Called "the bravest woman in America" in some of the most prestigious newspapers and magazines in the country in the mid to late 1800's, Ida Lewis was really just a person who took her responsibilities very seriously. Lewis lived for thirty-nine years on Lime Rock, a tiny island off Newport, Rhode Island, where a lighthouse stands warning ships to avoid the rocks.
Originally, her father had taken the position of lighthouse keeper, but after he had a stroke, she and her mother did the job for him. Then, when her mother became ill, Lewis continued to do the job alone (a twenty-four hour per day responsibility 365 days per year). But this is not why Lewis was considered brave nor why she made the cut as an in-your-face woman, though violent storms -- which were to be expected on a fairly regular basis -- could be wildly dangerous.
What got Lewis all the recognition, accolades, awards, articles, honors, and even financial rewards, were the many times she climbed in a lifeboat (usually alone and without coat or shoes on more than one occasion) and rowed out into the choppy waters to save men, women and children from drowning.
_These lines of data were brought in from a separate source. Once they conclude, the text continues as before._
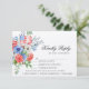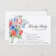 Este design floral vermelho, branco e azul patriótico é perfeito para o verão, 4 de julho. O canto esquerdo apresenta um buquê floral vermelho, branco e azul, acentuado por uma bandeira americana. O verso do cartão RSVP coordena letras florais que soletram RSVP. Todos os detalhes do casamento podem ser personalizados para atender às necessidades do seu dia especial.
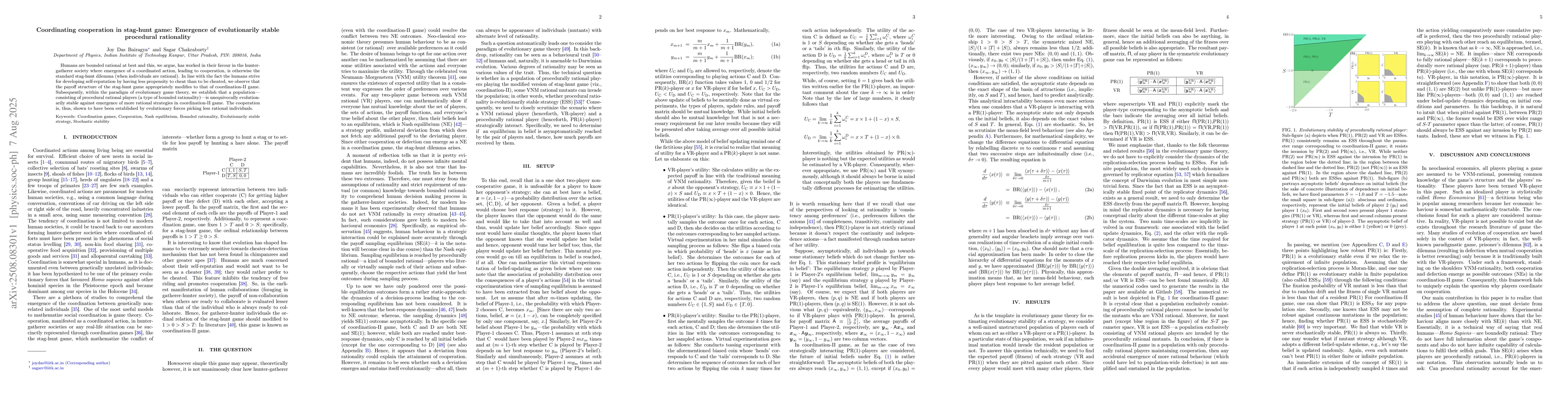 Humans are bounded rational at best and this, we argue, has worked in their favour in the hunter-gatherer society where emergence of a coordinated action, leading to cooperation, is otherwise the standard stag-hunt dilemma (when individuals are rational). In line with the fact the humans strive for developing self-reputation by having less propensity to cheat than to be cheated, we observe that the payoff structure of the stag-hunt game appropriately modifies to that of coordination-II game. Subsequently, within the paradigm of evolutionary game theory, we establish that a population -- consisting of procedural rational players (a type of bounded rationality) -- is unequivocally evolutionarily stable against emergence of more rational strategies in coordination-II game. The cooperation is, thus, shown to have been established by evolutionary forces picking less rational individuals.
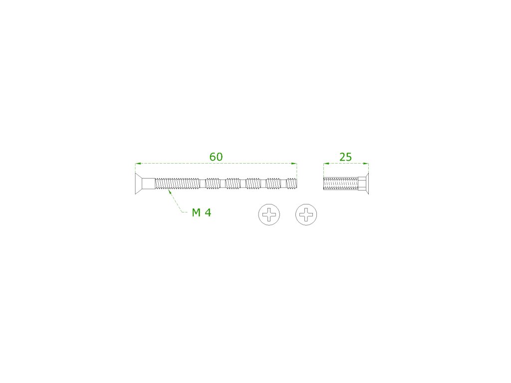 Skrutka na montáž kLučky ø 4 x 60 mm, pochrómovaná oceľ
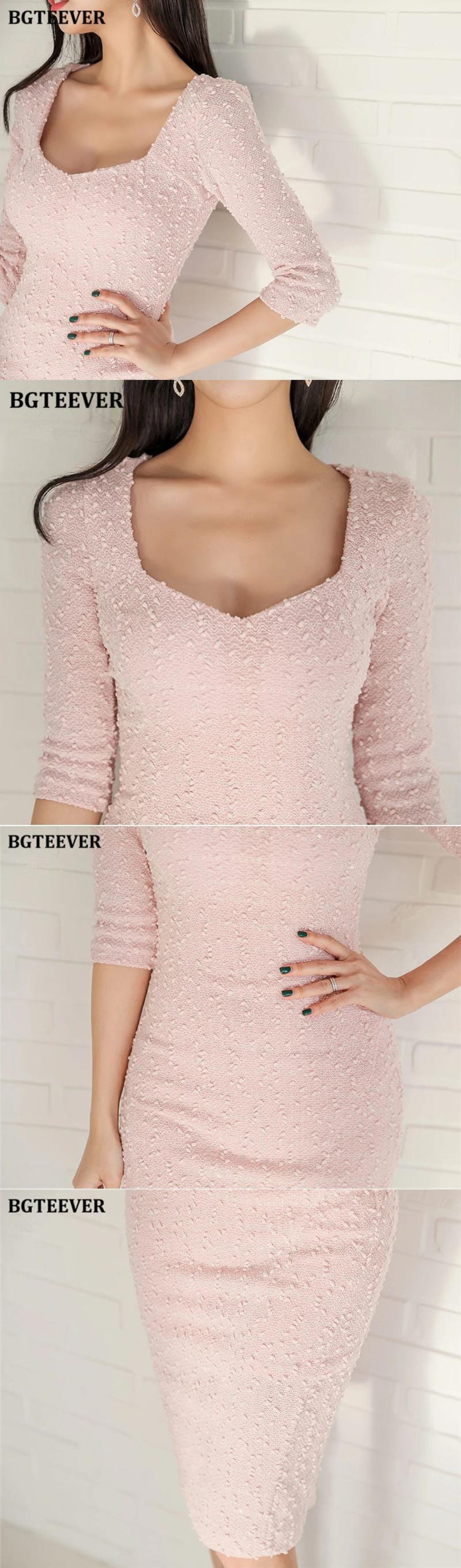 【新作】【送料無料】 スクエアカラーレディースペンシルドレススリムウエストスプリットパッケージヒップミディドレスシースVestidos スクウェア 12b158649106086
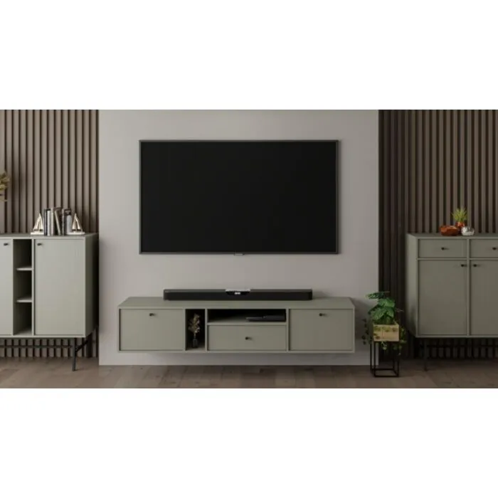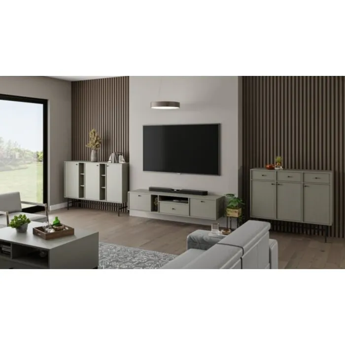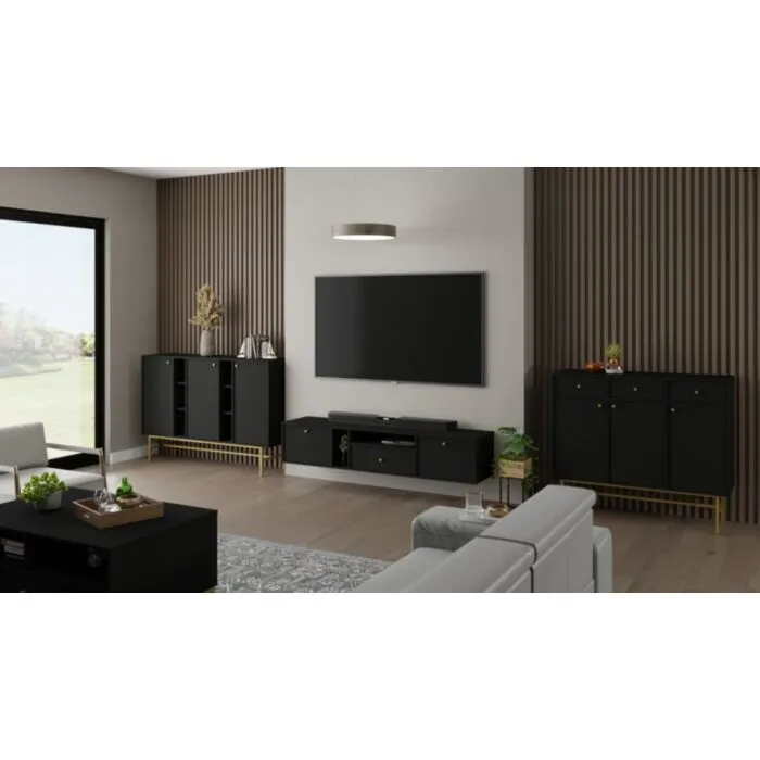 TV omara TOKI 180 je elegantna in kakovostna omarica, ki se prilega v vsako dnevno sobo. Dobavljiva je v treh barvnih kombinacijah: zelena s črnimi ročaji ter črna ali roza z zlatimi ročaji. Narejena je iz laminirane plošče debeline 16 mm. TV omarica je zaradi svoje oblike in visokokakovostnih materialov trpežna in vzdržljiva. Odporna je na praske, udarce in obrabo. Je enostavna za vzdrževanje, saj je površina preprosta za čiščenje in negovanje. Estetsko se poda v vsak prostor ter ima dobro odpornost na madeže in vlago.

Only sixteen-years-old when she made her first rescue, dragging four young men over the side of her boat to safety, she later said she "never gave it a second thought."
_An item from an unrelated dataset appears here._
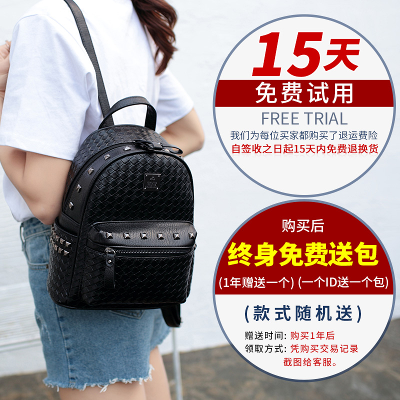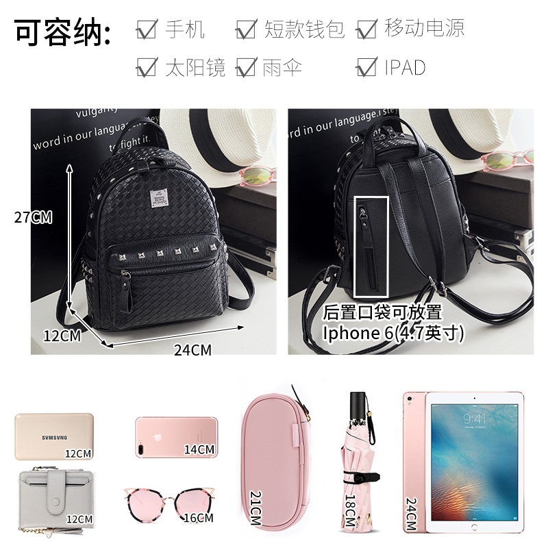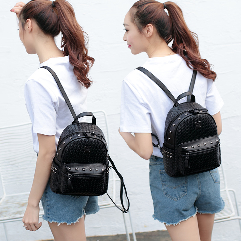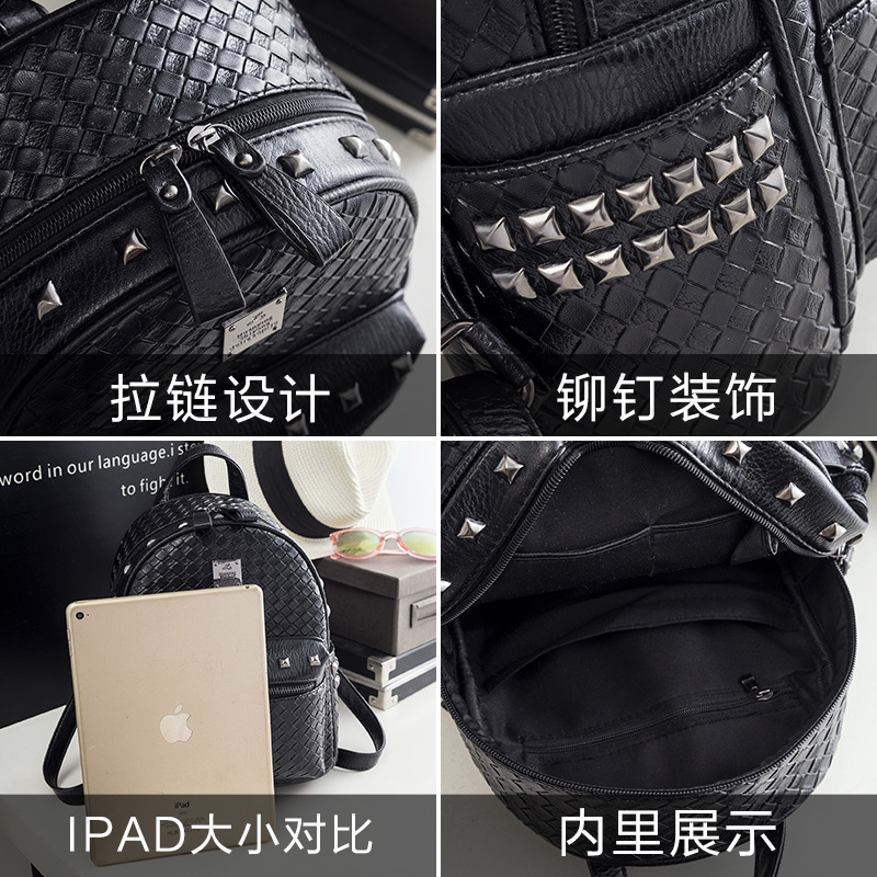 鉚釘雙肩包女韓版pu歐美時尚個性百搭編織女士包包新款潮背包
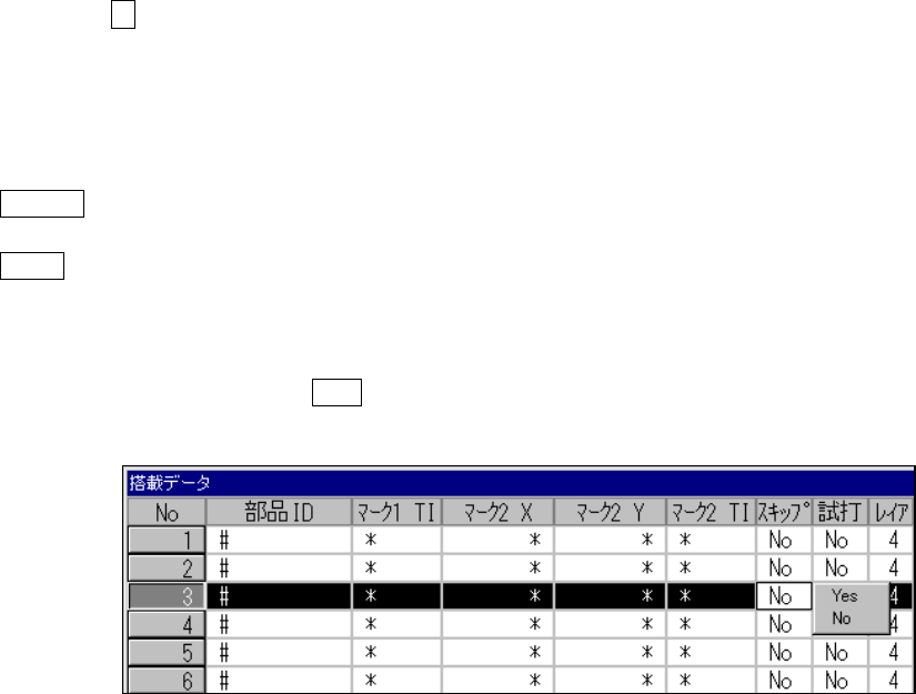 4 - 48 4-6-2. 入力方法 入力方法 入力方法 入力方法 搭載データ画面 搭載データ画面 搭載データ画面 搭載データ画面 詳細 詳細 詳細 詳細 ① 部品 部品 部品 部品 ID 部品 ID を数式バーで入力します。本項を入 力するとデフォルト値が入 る項目にはデフォル ト値が適用され表示されます。入力の不必要な項目は, * が表示されます。 デフォルト値 デフォルト値 デフォルト値 デフォルト値 搭載ヘッ ド …

Credited through the years with risking her own life to save at least eighteen and maybe as many as thirty-six other people's lives -- the last time when she was sixty-three years old! -- Lewis became so famous that hundreds of people per day would try to pay their respects. When she died, both Lime Rock and the lighthouse were renamed for her, an honor never previously awarded to any lighthouse keeper in the United States ever. Obviously, in-your-face women are liable to pop up almost anywhere, even hanging over the side of a lifeboat in a storm at sea!